An influx of Na+ driven by excitatory neurotransmitters opens cation channels, depolarizing the postsynaptic membrane toward the action potential threshold. In contrast, inhibitory neurotransmitters cause the postsynaptic membrane to become less depolarized by opening either Cl- or K+ channels, reducing firing. Depending on their release location, the receptors they bind to, and the ionic circumstances they encounter, various transmitters can be either excitatory or inhibitory. For instance, acetylcholine can either excite or inhibit depending on the type of receptors it binds to. For example, glutamate serves as an excitatory neurotransmitter, in contrast to GABA, which acts as an inhibitory neurotransmitter. Additionally, dopamine is a neurotransmitter that exerts dual effects, displaying both excitatory and inhibitory impacts through binding to distinct receptors.
The membrane potential prevents Cl- from entering the cell, even when its concentration is much higher outside than inside. The reversal potential for Cl- in many neurons is quite negative, nearly equal to the resting potential. Opening Cl- channels tends to buffer the membrane potential, but this effect is countered when the membrane starts to depolarize, allowing more negatively charged Cl- ions to enter the cell. Consequently, it becomes more difficult to depolarize the membrane and excite the cell when Cl- channels are open.

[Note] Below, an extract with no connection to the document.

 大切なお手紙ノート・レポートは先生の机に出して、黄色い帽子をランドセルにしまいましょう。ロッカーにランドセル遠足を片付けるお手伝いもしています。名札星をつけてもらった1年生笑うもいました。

Similar effects result from the opening of K+ channels. The significance of inhibitory neurotransmitters is evident from the effects of toxins that impede their activity. For instance, strychnine binds to glycine receptors, blocking the action of glycine and leading to muscle spasms, convulsions, and death.

Interfaces

Synapses can be classified by the type of cellular structures serving as the pre- and post-synaptic components. The vast majority of synapses in the mammalian nervous system are classical axo-dendritic synapses, however, a variety of other arrangements exist. These include but are not limited to axo-axonic, dendro-dendritic, axo-secretory, axo-ciliary, somato-dendritic, dendro-somatic, and somato-somatic synapses.
In fact, the axon can synapse onto a dendrite, onto a cell body, or onto another axon or axon terminal, as well as into the bloodstream or diffusely into the adjacent nervous tissue.

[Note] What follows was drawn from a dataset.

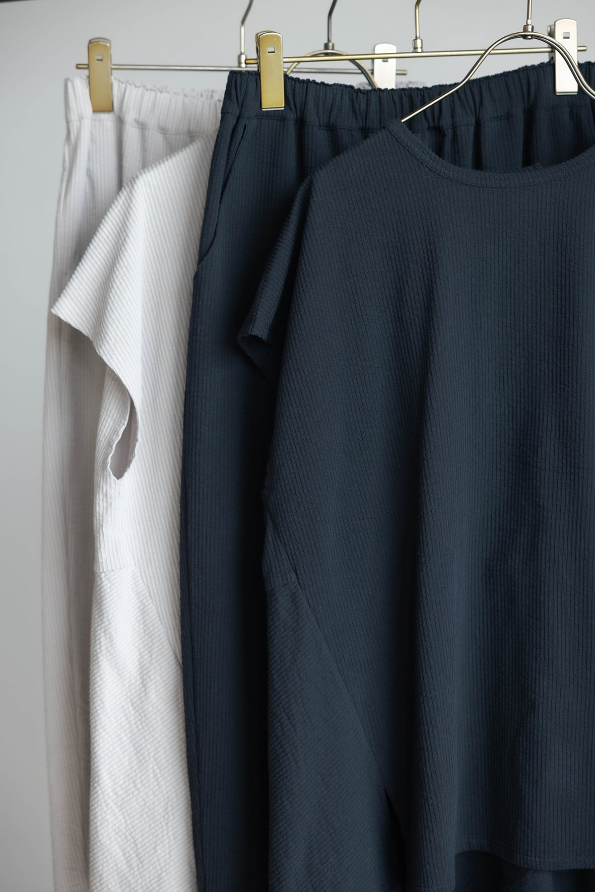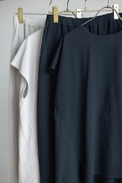 コットンとポリエステルを合わせたストライプジャガードのジャージ素材を使用しています。サラリとした肌触りで清涼感があり、ストレッチ性のある着心地の良さが特徴です。

Conversion of chemical into electrical signals

Neurotransmitters are tiny signal molecules stored in membrane-enclosed synaptic vesicles and released via exocytosis. A change in electrical potential in the presynaptic cell triggers the release of these molecules. By attaching to transmitter-gated ion channels, the neurotransmitter causes an electrical alteration in the postsynaptic cell and rapidly diffuses across the synaptic cleft. Once released, the neurotransmitter is swiftly eliminated, either by being absorbed by the nerve terminal that produced it, taken up by nearby glial cells, or broken down by specific enzymes in the synaptic cleft. Numerous Na+-dependent neurotransmitter carrier proteins recycle the neurotransmitters and enable the cells to maintain rapid rates of release.
At chemical synapses, transmitter-gated ion channels play a vital role in rapidly converting extracellular chemical impulses into electrical signals. These channels are located in the postsynaptic cell's plasma membrane at the synapse region, and they temporarily open in response to neurotransmitter molecule binding, causing a momentary alteration in the membrane's permeability. Additionally, transmitter-gated channels are comparatively less sensitive to the membrane potential than voltage-gated channels, which is why they are unable to generate self-amplifying excitement on their own. However, they result in graded variations in membrane potential due to local permeability, influenced by the amount and duration of neurotransmitter released at the synapse.
Recently, mechanical tension, a phenomenon never thought relevant to synapse function has been found to be required for those on hippocampal neurons to fire.